Photocrosslinkable Adhesives

This class of tissue adhesives includes bovine serum albumin-based bioadhesives, riboflavin-based bioadhesives, and hyaluronic acid-based photocatalytic glue. Bovine serum albumin-based bioadhesive is a photoactivated tissue adhesive.4 It has been used in strabismus surgery for muscle-to-muscle, sclera-to-sclera, and muscle-to-sclera adhesions. Riboflavin-based bioadhesive causes collagen cross-linking in the cornea in the presence of ultraviolet A radiation, thus increasing the biomechanical strength of the stroma.4 It is used to treat corneal pathologies such as keratoconus, post-LASIK ectasia, and postinfectious corneal melts. Hyaluronic acid-based photocatalytic glue is applied on lacerated corneal wounds.4 Upon activation with an argon LASER beam, it polymerizes and closes the wound. These newer bioadhesives show better biocompatibility, faster sealing, and increased binding forces compared to the existing bioadhesives, but are still under research.4


Tissue bioadhesives are fast gaining popularity as an alternative or adjuvant to surgical wound closure in ophthalmology.
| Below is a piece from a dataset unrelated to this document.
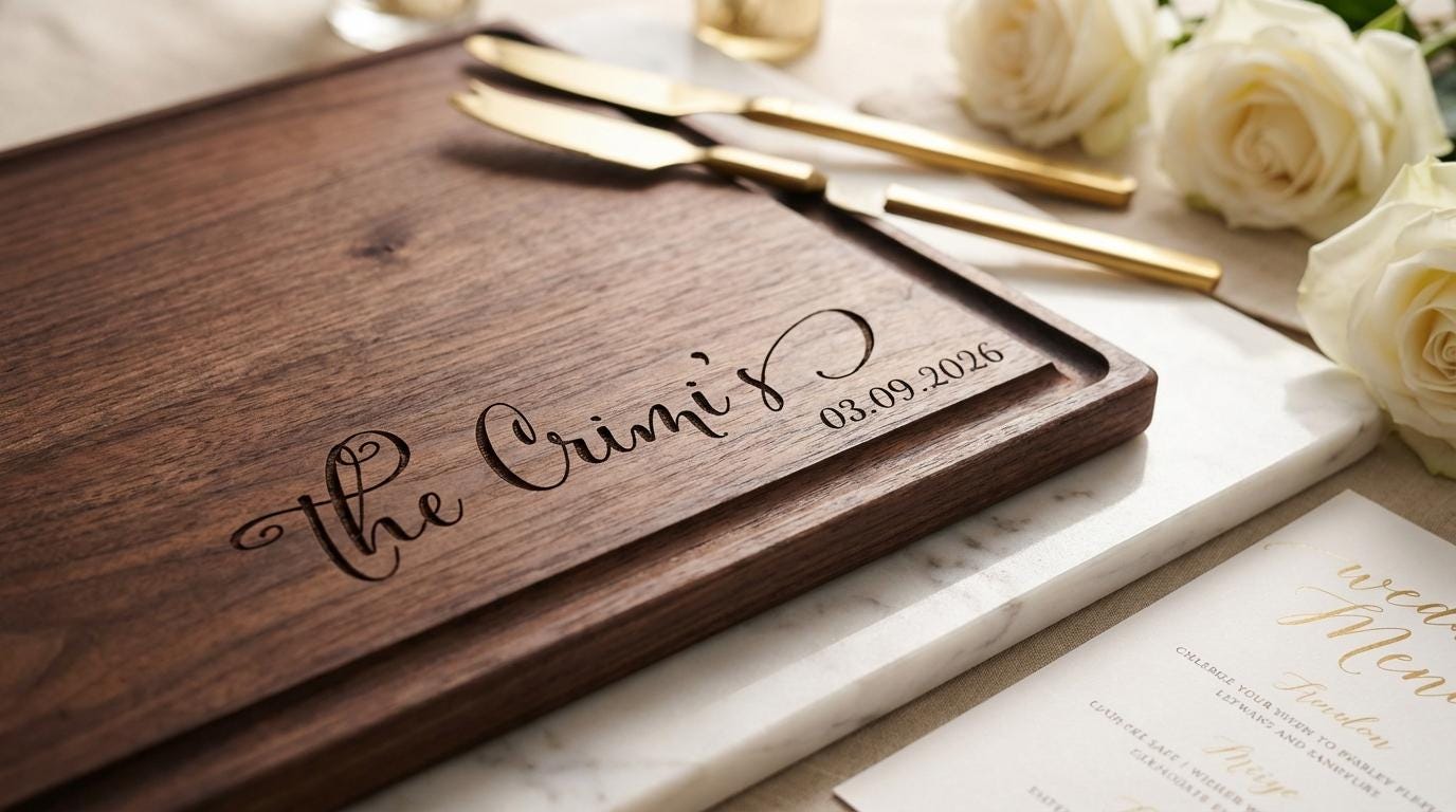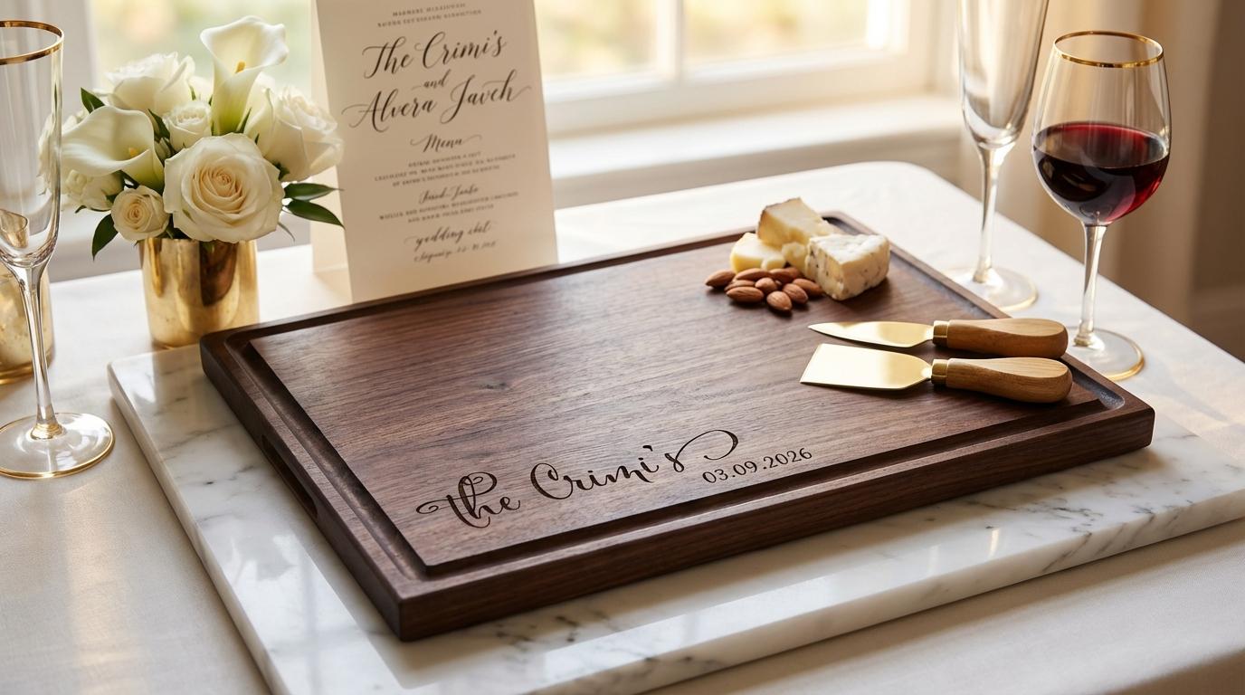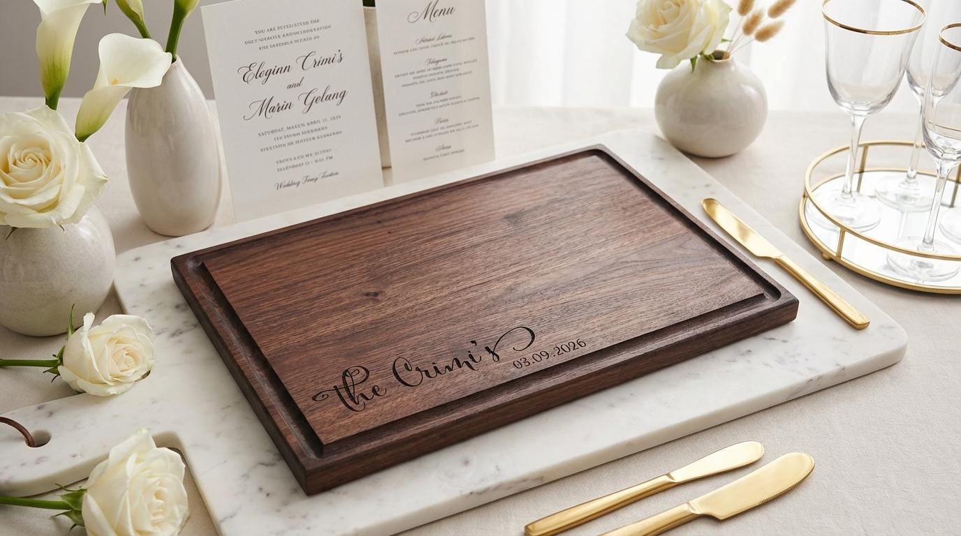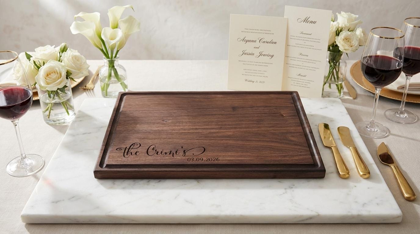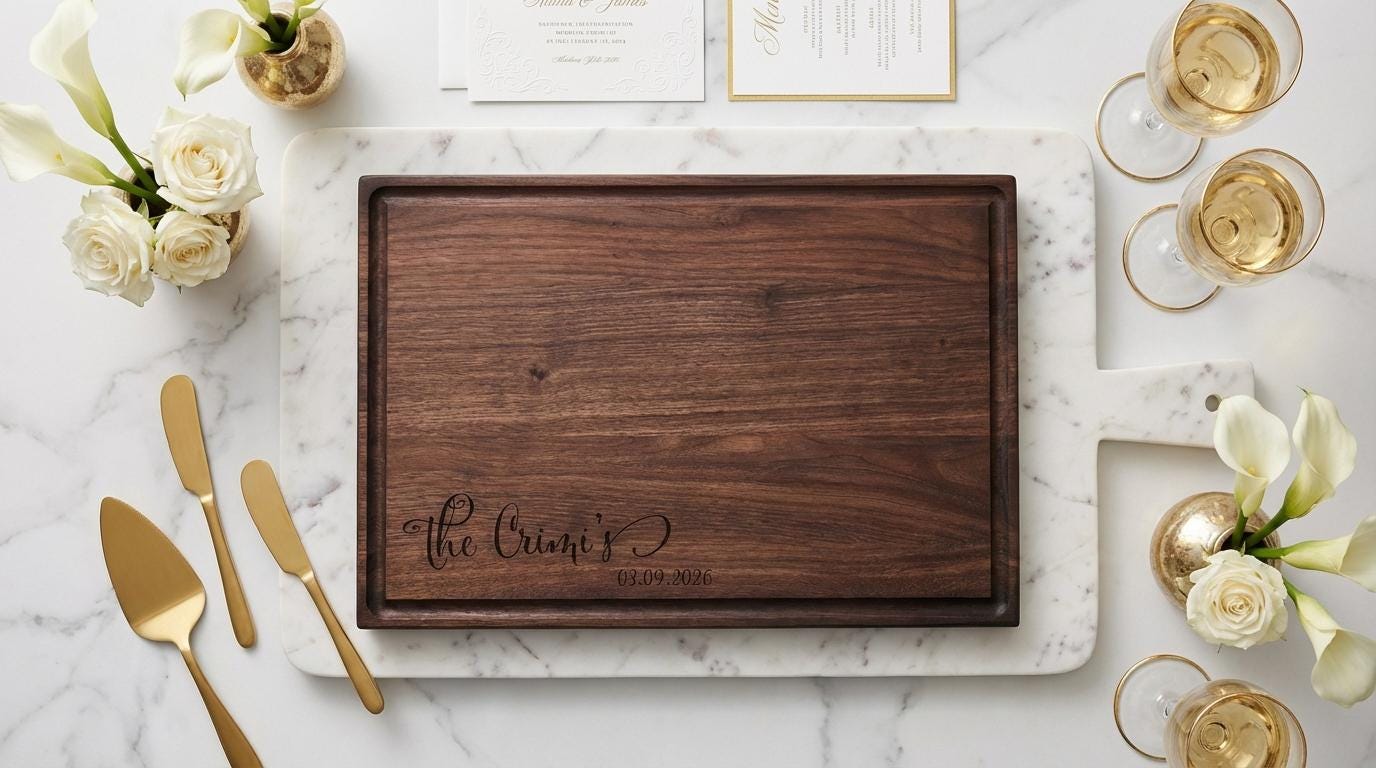 Celebrate their new chapter with this personalized family cutting board. Crafted from rich walnut wood with a deep juice groove, this custom charcuterie platter is the ultimate elegant wedding gift, 5th anniversary present, or housewarming keepsake.

The newer techniques of applications of tissue adhesives using tissue scaffolds have enhanced their use in various clinical conditions.14,15,54–56,60 The different properties of cyanoacrylate derivatives and fibrin adhesives make them suitable for various indications. However, there is a growing need for new bioadhesives with better biocompatibility and greater bonding strength, which also provide rapid sealing. A number of newer adhesives are currently under research,61,62 and long-term clinical trials are required to establish their efficacy in the management of corneal perforations.

Ethical Approval

This manuscript is a review article, compiling information on already published studies, hence this study is exempted from ethical approval.


There is no funding to report.


The authors report no conflicts of interest in this work.